But that was the kind of thing that this audience was not very
comfortable with.

HAYES: No. And there was palpable discomfort throughout the entire
conversation, I think, around immigration, precisely because all the
candidates were attempts to thread this needle and because they`ve been
doing this throughout the campaign. But it`s been particularly true in
Florida as the stakes have risen, which is their super PACs and campaigns
are running ads in a variety of different mediums, whether it`s mailers,
whether Spanish language radio ads, that are incredibly negative and
cutting, and then they have to own them standing next to the person on
stage. That`s always difficult.

And tonight, I thought that no one seemed to really want to embrace
the most negative attacks that they`ve been wielding against each other in
their advertising.

O`DONNELL: John Heilemann, there was an annex audience that it looked
like they were in another building, a Hispanic group that were sending in
some questions from there. That`s a kind of unique arrangement for Florida
to be having a debate with those two audiences.

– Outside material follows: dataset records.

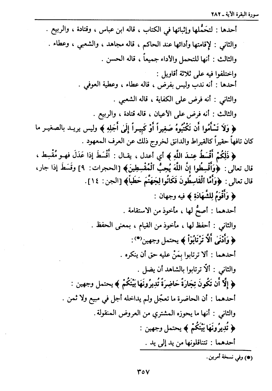 أحدها: لتحَمُّلها وإثباتها في الكتاب , قاله ابن عباس , وقتادة , والربيع. والثاني: لإِقامتها وأدائها عند الحاكم , قاله مجاهد , والشعبي , وعطاء. والثالث: أنها للتحمل والأداء جميعاً , قاله الحسن. واختلفوا فيه على ثلاثة أقاويل: أحدها: أنه ندب وليس بفرض , قاله عطاء , وعطية العوفي. والثاني: أنه فرض على الكفاية , قاله الشعبي. والثالث: أنه فرض على الأعيان , قاله قتادة , والربيع. {وَلاَ تَسْأَمُوا أَن تَكْتُبُوهُ صَغِيراً أَوْ كَبِيراً إِلَى أَجَلِهِ} وليس يريد بالصغير ما كان تافهاً حقيراً كالقيراط والدانق لخروج ذلك عن العرف المعهود. {ذلكم أقسط عند الله} أي أعدل , يقال: أَقْسَطَ إِذا عَدَلَ فهو مُقْسِط , قال تعالى: {وَأَقْسِطُوا إِنَّ اللهَ يُحِبُّ الْمُقْسِطِينَ} [الحجرات: 9] وقَسَطَ إذا جار , قال تعالى: {وَأَمَّا الْقَاسِطُونَ فَكَانوا لِجَهَنَّمَ حَطَباً} [الجن: 14]. {وَأَقْوَمُ لِلشَّهَادَةِ} فيه وجهان: أحدهما: أصحُّ لها , مأخوذ من الاستقامة. والثاني: أحفظ لها , مأخوذ من القيام , بمعنى الحفظ. {وَأَدْنَى أَلاَّ تَرْتَابُواْ} يحتمل وجهين: أحدهما: ألا ترتابوا بِمَنْ عليه حق أن ينكره. والثاني: ألاّ ترتابوا بالشاهد أن يضل. {إِلاَّ أَن تَكُونَ تِجَارَةً حَاضِرَةً تُدِيرُونَهَا بَيْنَكُمْ} يحتمل وجهين: أحدهما: أن الحاضرة ما تعجّل ولم يداخله أجل في مبيع ولا ثمن. والثاني: أنها ما يحوزه المشتري من العروض المنقولة. {تُدِيرُونَهَا بَيْنَكُمْ} يحتمل وجهين: أحدهما: تتناقلونها من يد إلى يد.
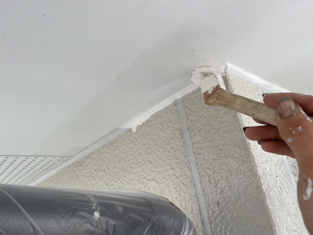 軒天は、構造上湿気が溜まりやすく、カビが発生しやすい場所になります。防カビ効果のある塗料で塗装をおこないます。
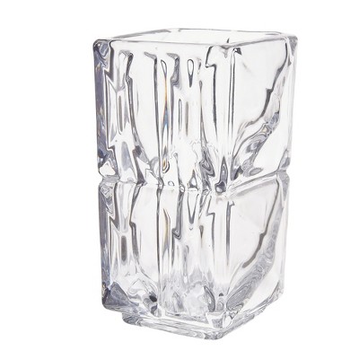Gulches 5.9x5.9x7.9 Inch Clear Glass Accent Vase with Artistic Amber Spots, Wide Cylindrical Decor Vase for Living Room Entryway Bedroom, 1.3 lbs
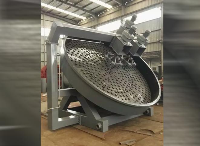 圓盤(pán)造粒機(jī)是有機(jī)肥行業(yè)的常用設(shè)備之一,一般適用于中、低濃度,小規(guī)模的生產(chǎn),成球盤(pán)調(diào)整到40°-55°之間。由電機(jī)減速機(jī)帶動(dòng)齒輪從而加入混配好的原料肥。由于粉肥和圓盤(pán)旋轉(zhuǎn)而上升,又在重力的作用下向下滾動(dòng),在以上幾種力的作用下,盤(pán)內(nèi)物料逐漸形成基核直至達(dá)到成品顆粒,由圓盤(pán)邊溢出。本機(jī)具有成球率高、顆粒圓潤(rùn)、強(qiáng)度大、防腐、操作直觀、維修方便等特點(diǎn)。
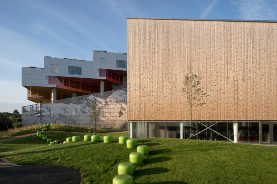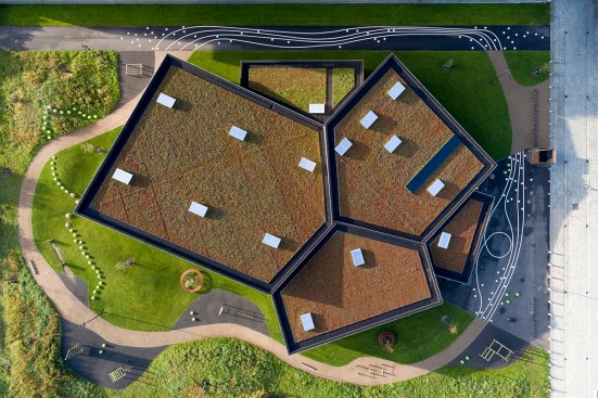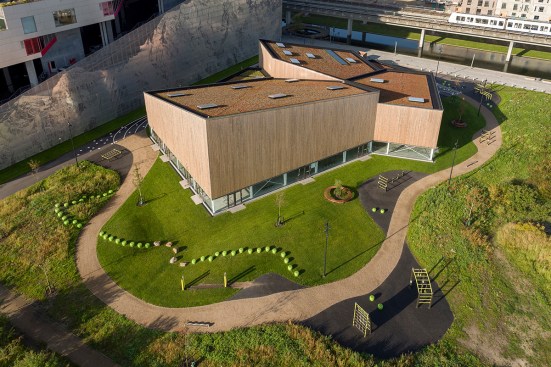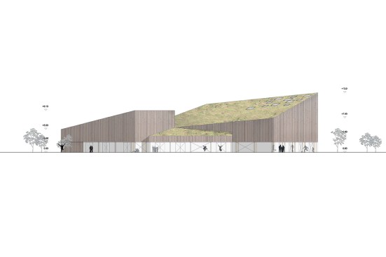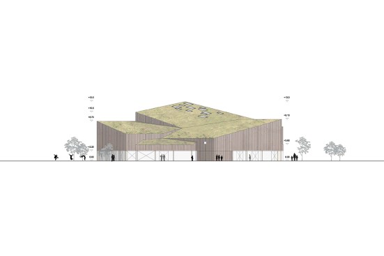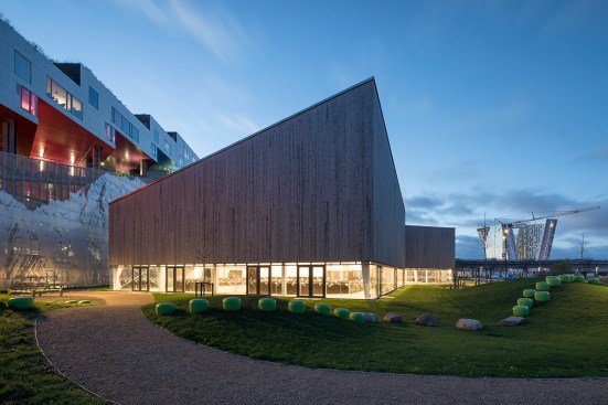 As opposed to the surrounding buildings, the lowest point of the Multi-purpose facility is facing Ørestad Boulevard, and in this way meeting and welcoming the people in the neighborhood on ground level. Furthermore, the building stands out due to its green roof and wooden materials.
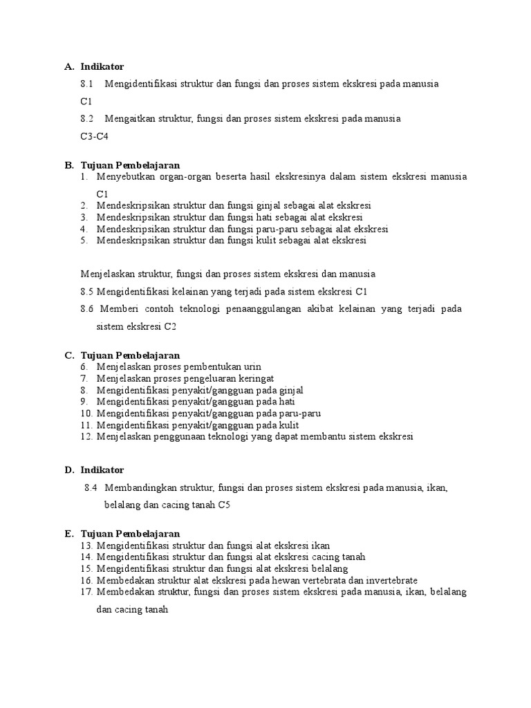 Indikator Dan Tujuan Ekskresi
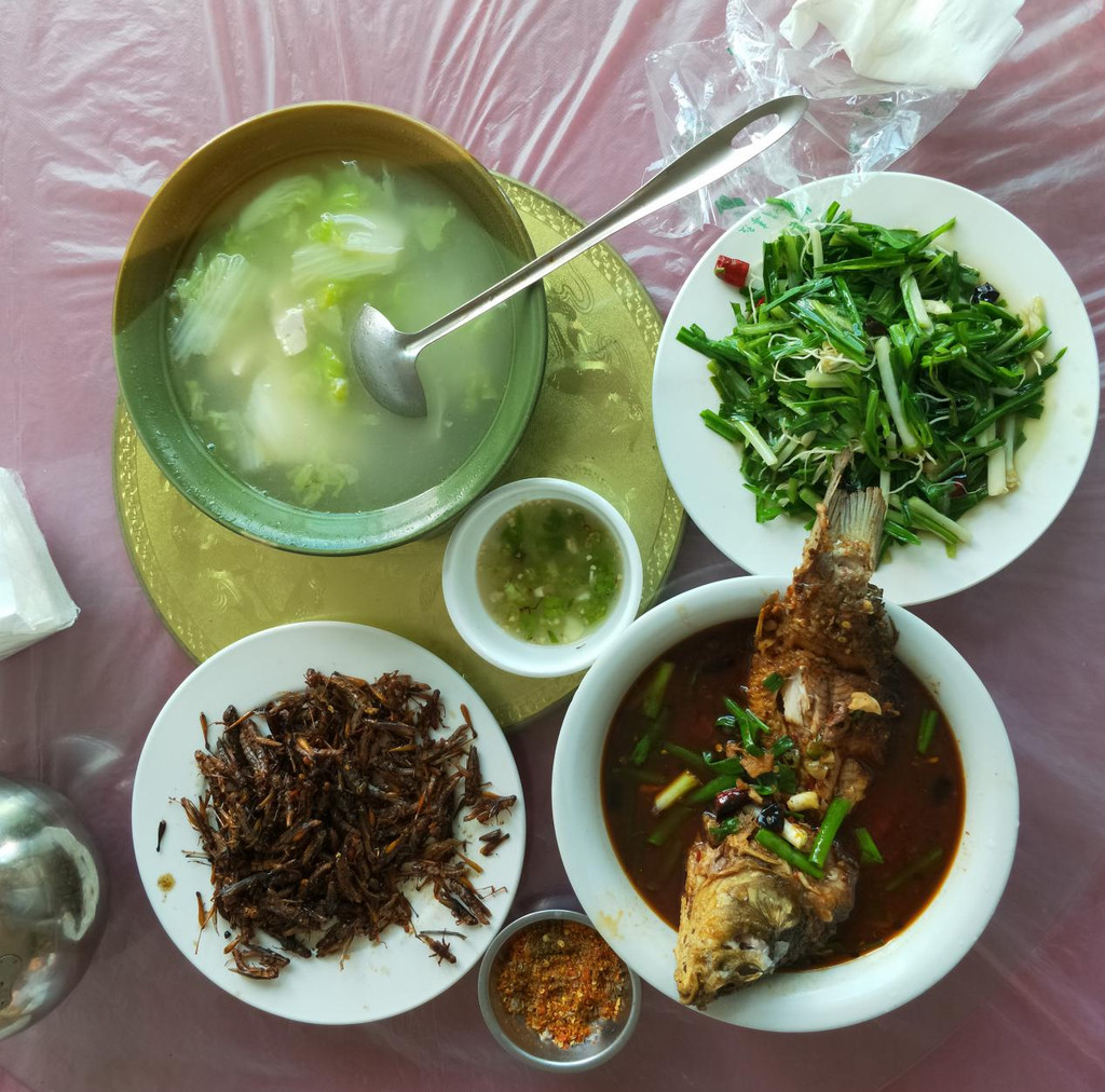 中午在哈尼农家餐馆吃了午饭。特色是这油炸蚂蚱,看你敢不敢吃了。
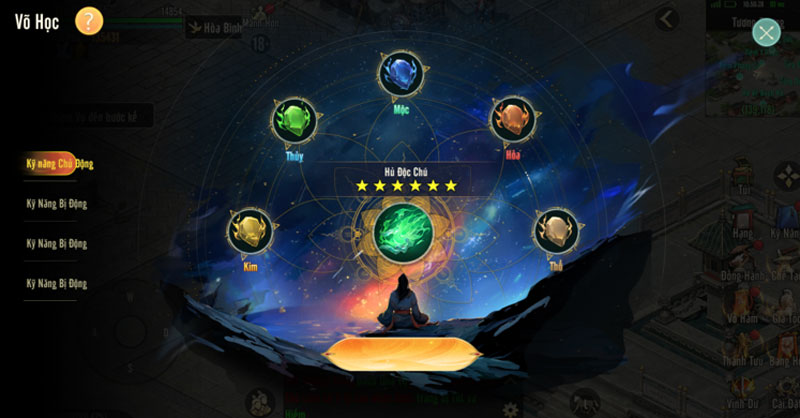 - 1 ô Võ Học Chủ Động + tối đa 3 ô Võ Học Bị Động.

HEILEMANN: Yes, it is. And it`s a unique state, for sure, Lawrence.
But I think you know, we -- this issue is -- I mean, to cut to the core of
it, you know, Mitt Romney -- Newt Gingrich is right about Mitt Romney.

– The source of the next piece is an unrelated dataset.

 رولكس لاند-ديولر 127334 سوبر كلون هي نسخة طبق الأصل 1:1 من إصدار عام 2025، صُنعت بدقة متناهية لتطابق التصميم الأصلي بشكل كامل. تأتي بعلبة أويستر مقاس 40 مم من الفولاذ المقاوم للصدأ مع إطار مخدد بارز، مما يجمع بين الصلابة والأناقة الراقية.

He has become the most right wing, anti-immigration, most
restrictionist Republican candidate among the presidential candidates.
He`s done that for a reason, tactically and strategically in this primary.
It helped him to get rid of Rick Perry.

Rick Perry`s debate performances were bad. But the truth is a lot of
the damage was done by Mitt Romney against Rick Perry on the issue of

It`s helped him to help thwart Newt Gingrich in various ways in Iowa
and elsewhere.

But now, Romney finds himself in a situation where I think a recent
poll has him with about 27 percent or 28 percent of support among Hispanics
nationally. And that is a number that makes it impossible for Mitt Romney
to win a general election.

It is particularly problematic in the context of Barack Obama who
actually is underperforming with Hispanics right now.

So there`s a real opening for a Republican candidate in a general
election who can appeal to a large number of Hispanic voters. But Mitt
Romney, in order to get this nomination, has put himself in a place where
he can`t get the number that he could get and the number he needs to get.

And so, we`re starting to see the process, here tonight and from this
day forward, Mitt Romney trying to get back into a more acceptable place
with Hispanic voters to allow him to be competitive in the fall.

O`DONNELL: All right. Let`s look the two front-runners` answer to
the final question which was about electability.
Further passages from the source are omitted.